Physical characteristics
- • location: Dzhugdzhur
- • coordinates: 59°44′50″N 139°38′02″E﻿ / ﻿59.7472°N 139.6339°E
- Mouth: Aldan
- • coordinates: 60°24′22″N 134°33′06″E﻿ / ﻿60.4062°N 134.5518°E
- Length: 1,087 km (675 mi)
- Basin size: 171,000 km^{2} (66,000 sq mi)
- • average: 1,180 m^{3}/s (42,000 cu ft/s)

Basin features
- Progression: Aldan→ Lena→ Laptev Sea

= Maya (Aldan) =

The Maya (Мая; Маайа, Maaya) is a river in Khabarovsk Krai and Sakha, Russia. It is a right tributary of the Aldan of the Lena basin. The length of the river is 1053 km. The area of its basin 171000 km2.
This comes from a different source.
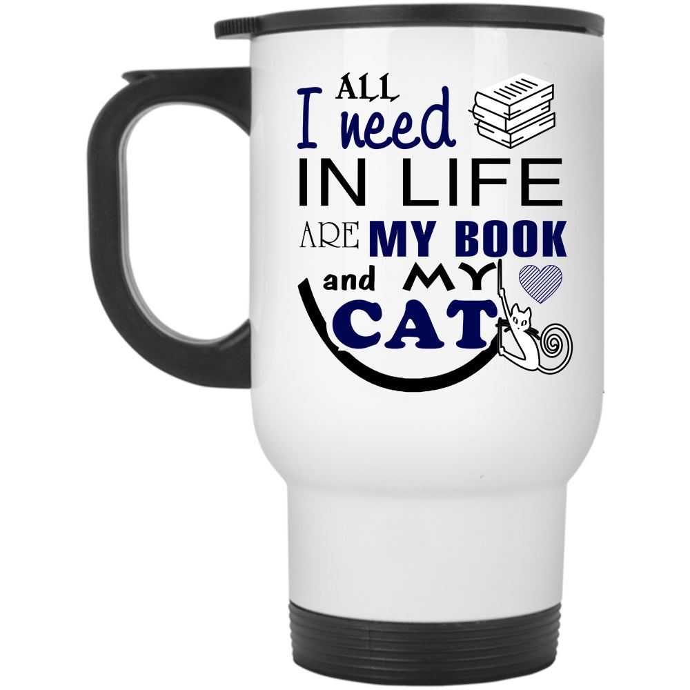 All I Need In Life Are My Book And My Cat Cup, Book Mug (Travel Mug)

The Maya was part of the river route from Yakutsk to the Okhotsk Coast. From the Mati either the Lama Portage or the Alanchak Portage led to the Ulya and the coast. Near the southernmost point was the settlement of Nelkan from which a track led over the mountains to Ayan. From Ust-Maya there was a horse-track to Yakutsk. Eastbound boats that reached Ust-Maya from the Lena were replaced by smaller boats to continue up the Maya.

==Course==
Its course is approximately V-shaped. The upper Maya runs about 125 mi southwest parallel to the coast between the Dzhugdzhur mountains and the Yudoma Plateau. About 50 mi from its source the 167 km long Mati river joins its right bank from the south. The Maya flows west for perhaps 40 mi and receives the Maimakan River from the southwest. From here the river flows basically north about 200 mi, receives the Yudoma from the east and joins the Aldan at Ust-Maya.

The Maya freezes up in late October and stays under the ice until May. The river is navigable up to 500 km upstream from its mouth. The Yudoma-Maya Highlands are located in the basin of the Maya.

===Tributaries===
The 765 km long Yudoma from the right is one of the biggest tributaries of the Maya. Other important tributaries are the 421 km long Maymakan, the 246 km long Batomga and the 233 km long Severny Uy from the left, as well as the 171 km long Ingili from the right.